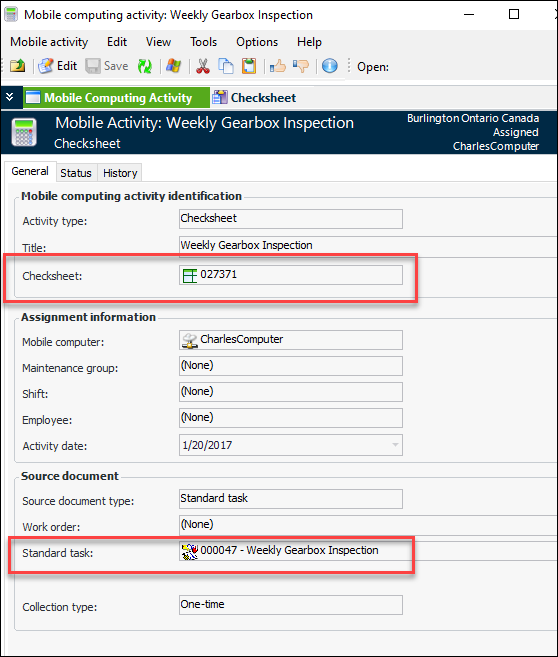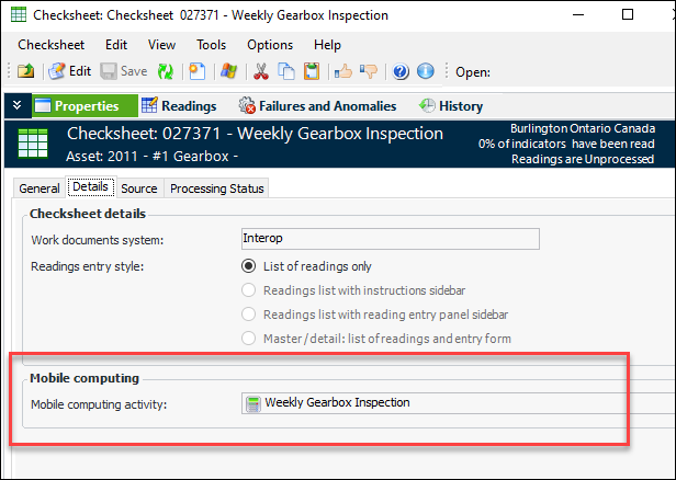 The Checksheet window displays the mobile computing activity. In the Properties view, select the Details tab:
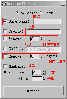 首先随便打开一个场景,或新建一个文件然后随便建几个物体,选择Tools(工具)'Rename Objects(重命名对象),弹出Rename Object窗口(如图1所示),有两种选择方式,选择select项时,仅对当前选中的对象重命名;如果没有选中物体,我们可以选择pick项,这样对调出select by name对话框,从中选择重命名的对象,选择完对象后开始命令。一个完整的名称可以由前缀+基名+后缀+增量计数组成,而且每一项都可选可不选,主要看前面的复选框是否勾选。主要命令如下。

══════════════════════════════

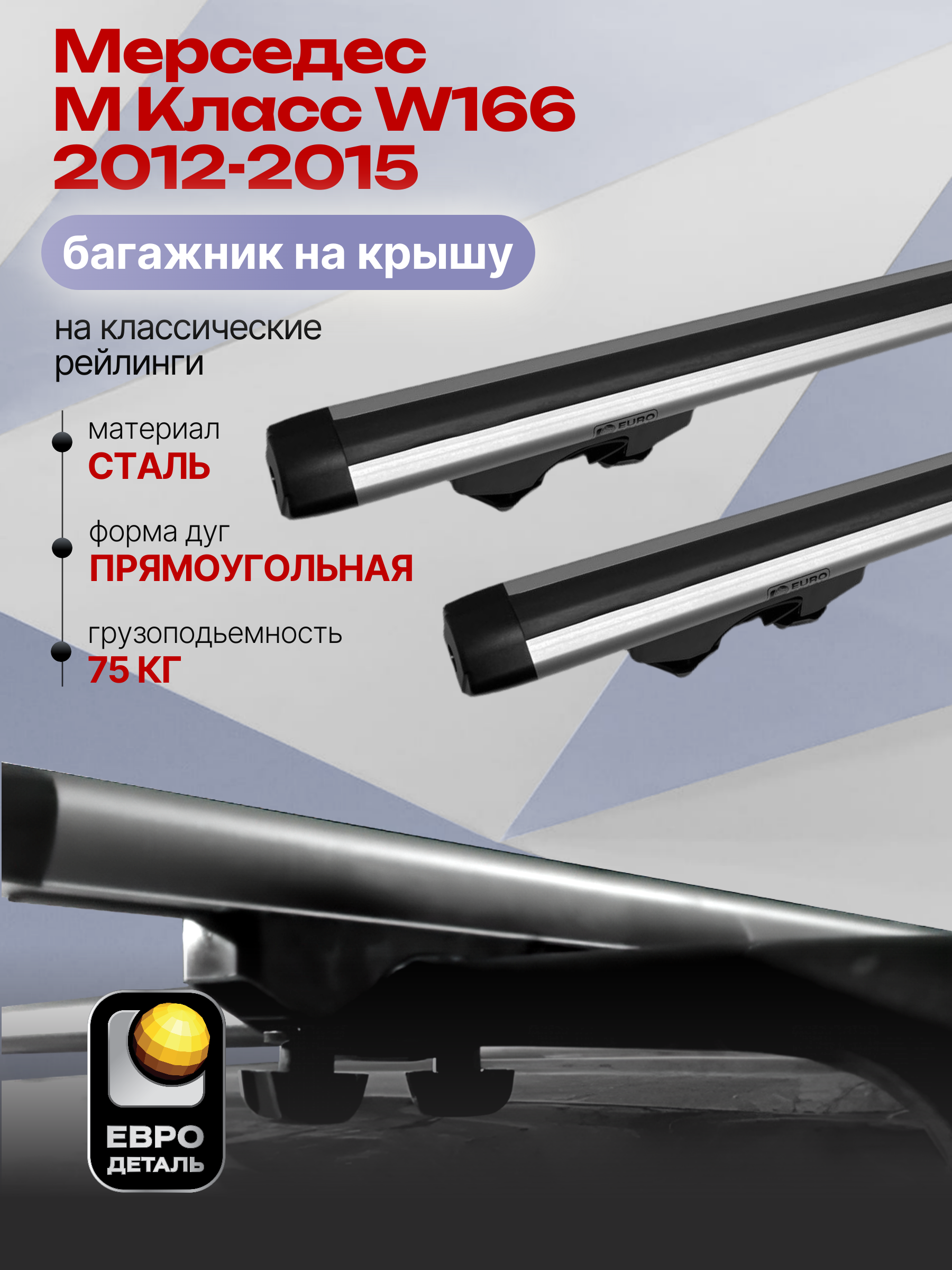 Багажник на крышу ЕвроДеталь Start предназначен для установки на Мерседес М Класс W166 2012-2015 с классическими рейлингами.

══════════════════════════════

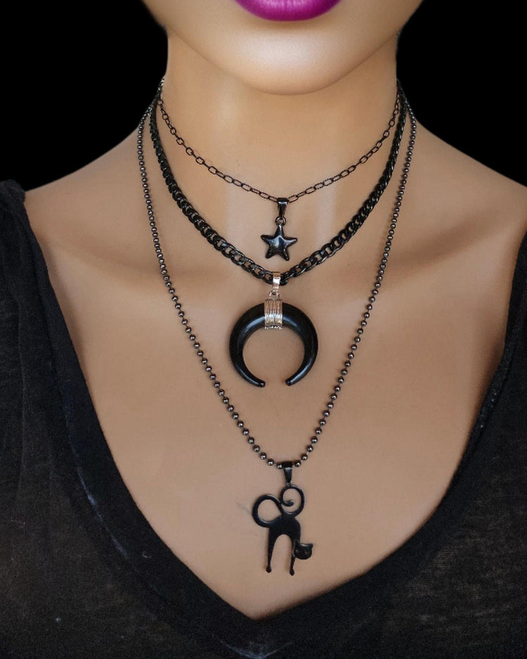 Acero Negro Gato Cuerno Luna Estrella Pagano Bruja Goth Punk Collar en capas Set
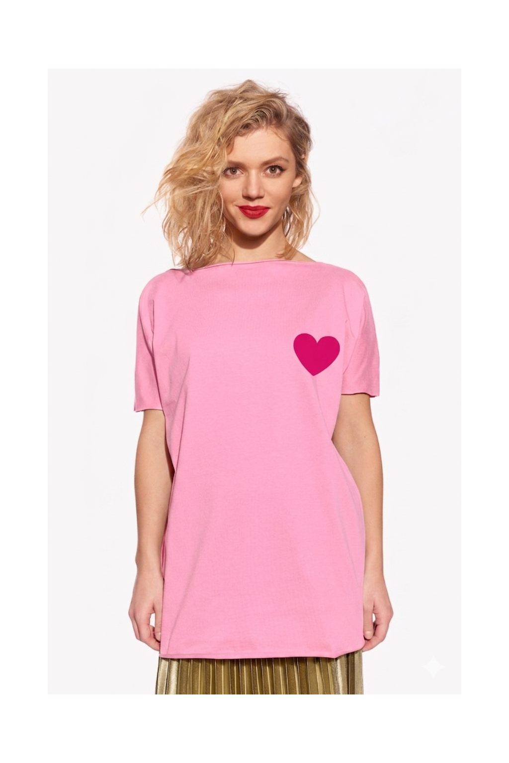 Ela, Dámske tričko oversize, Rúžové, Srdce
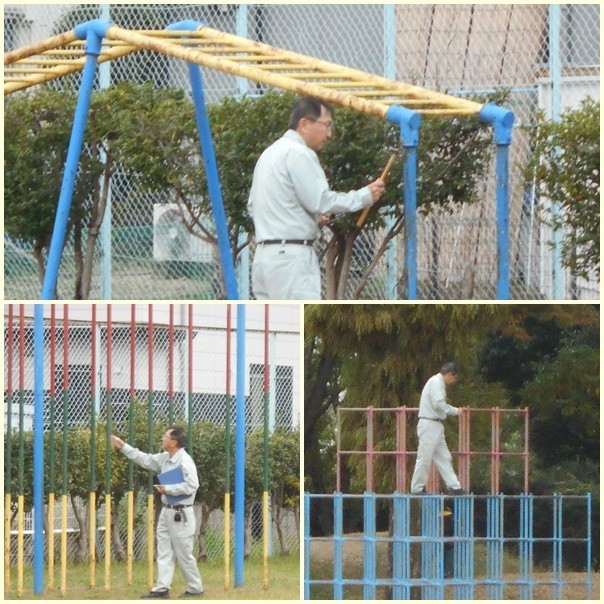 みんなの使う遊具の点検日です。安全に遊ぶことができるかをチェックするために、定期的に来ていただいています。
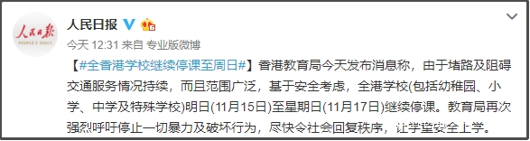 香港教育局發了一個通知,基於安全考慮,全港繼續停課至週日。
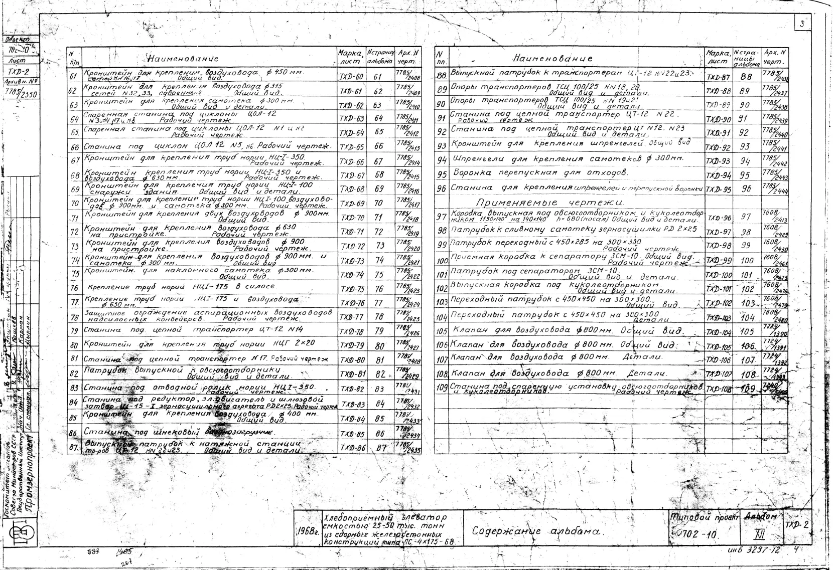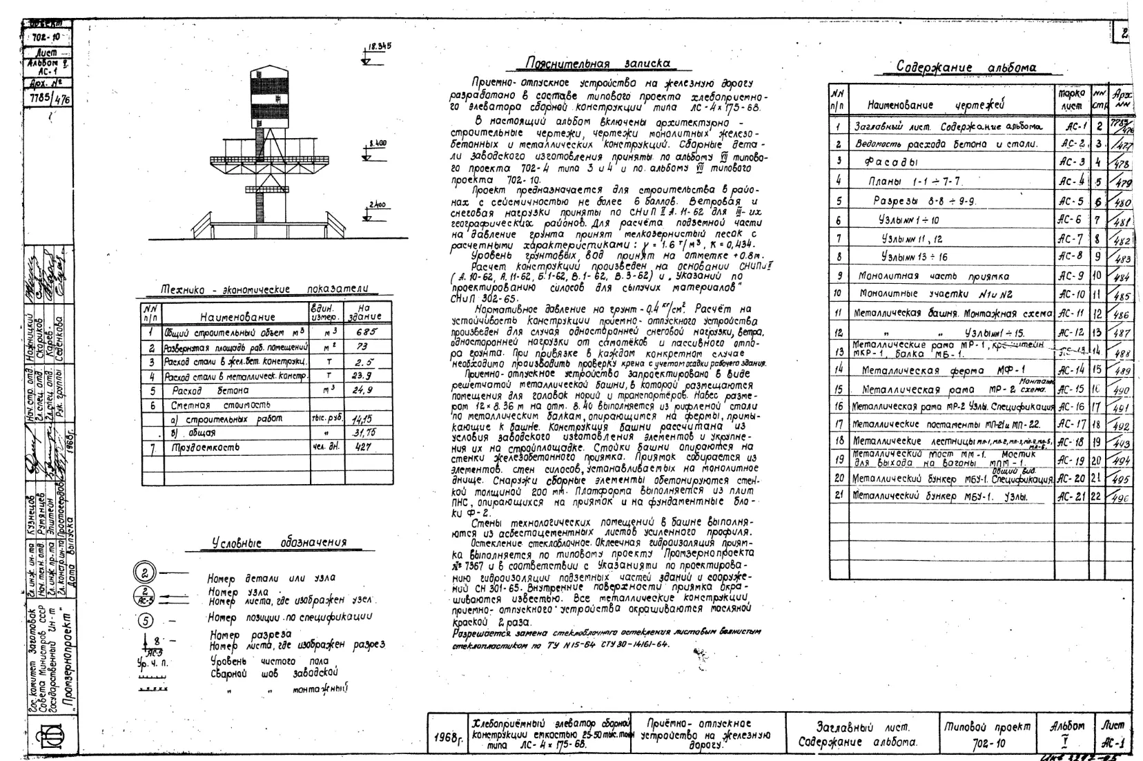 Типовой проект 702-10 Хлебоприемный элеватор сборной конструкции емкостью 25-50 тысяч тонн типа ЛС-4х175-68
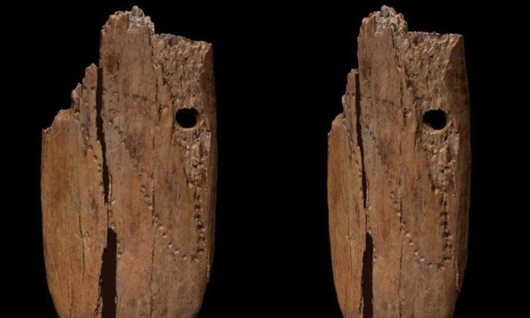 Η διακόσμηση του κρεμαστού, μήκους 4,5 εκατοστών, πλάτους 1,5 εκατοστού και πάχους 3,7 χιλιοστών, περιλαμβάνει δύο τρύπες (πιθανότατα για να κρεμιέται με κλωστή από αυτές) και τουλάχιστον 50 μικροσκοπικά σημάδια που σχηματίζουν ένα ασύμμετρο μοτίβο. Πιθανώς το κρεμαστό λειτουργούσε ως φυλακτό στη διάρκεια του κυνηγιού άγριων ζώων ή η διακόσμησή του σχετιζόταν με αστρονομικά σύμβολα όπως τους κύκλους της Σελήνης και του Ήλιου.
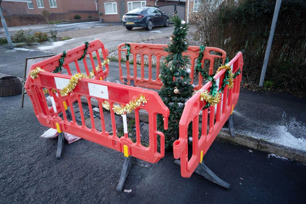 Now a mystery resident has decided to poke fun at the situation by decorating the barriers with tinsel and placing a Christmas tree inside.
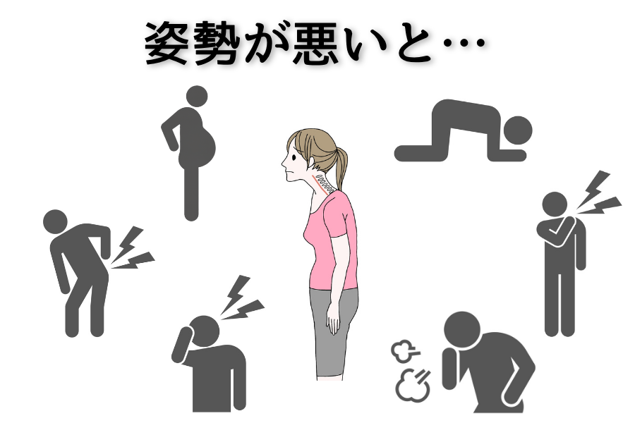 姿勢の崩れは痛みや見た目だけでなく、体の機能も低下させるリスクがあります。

══════════════════════════════

- WORK ITEM -
Could the stretch from the line with "みんなの使う遊具の点検日です" through the line with "Now a mystery" in the listing above be restated word for word, minus the pictures?

- FINAL ANSWER -
 みんなの使う遊具の点検日です。安全に遊ぶことができるかをチェックするために、定期的に来ていただいています。
 香港教育局發了一個通知,基於安全考慮,全港繼續停課至週日。
 Типовой проект 702-10 Хлебоприемный элеватор сборной конструкции емкостью 25-50 тысяч тонн типа ЛС-4х175-68
 Η διακόσμηση του κρεμαστού, μήκους 4,5 εκατοστών, πλάτους 1,5 εκατοστού και πάχους 3,7 χιλιοστών, περιλαμβάνει δύο τρύπες (πιθανότατα για να κρεμιέται με κλωστή από αυτές) και τουλάχιστον 50 μικροσκοπικά σημάδια που σχηματίζουν ένα ασύμμετρο μοτίβο. Πιθανώς το κρεμαστό λειτουργούσε ως φυλακτό στη διάρκεια του κυνηγιού άγριων ζώων ή η διακόσμησή του σχετιζόταν με αστρονομικά σύμβολα όπως τους κύκλους της Σελήνης και του Ήλιου.
 Now a mystery resident has decided to poke fun at the situation by decorating the barriers with tinsel and placing a Christmas tree inside.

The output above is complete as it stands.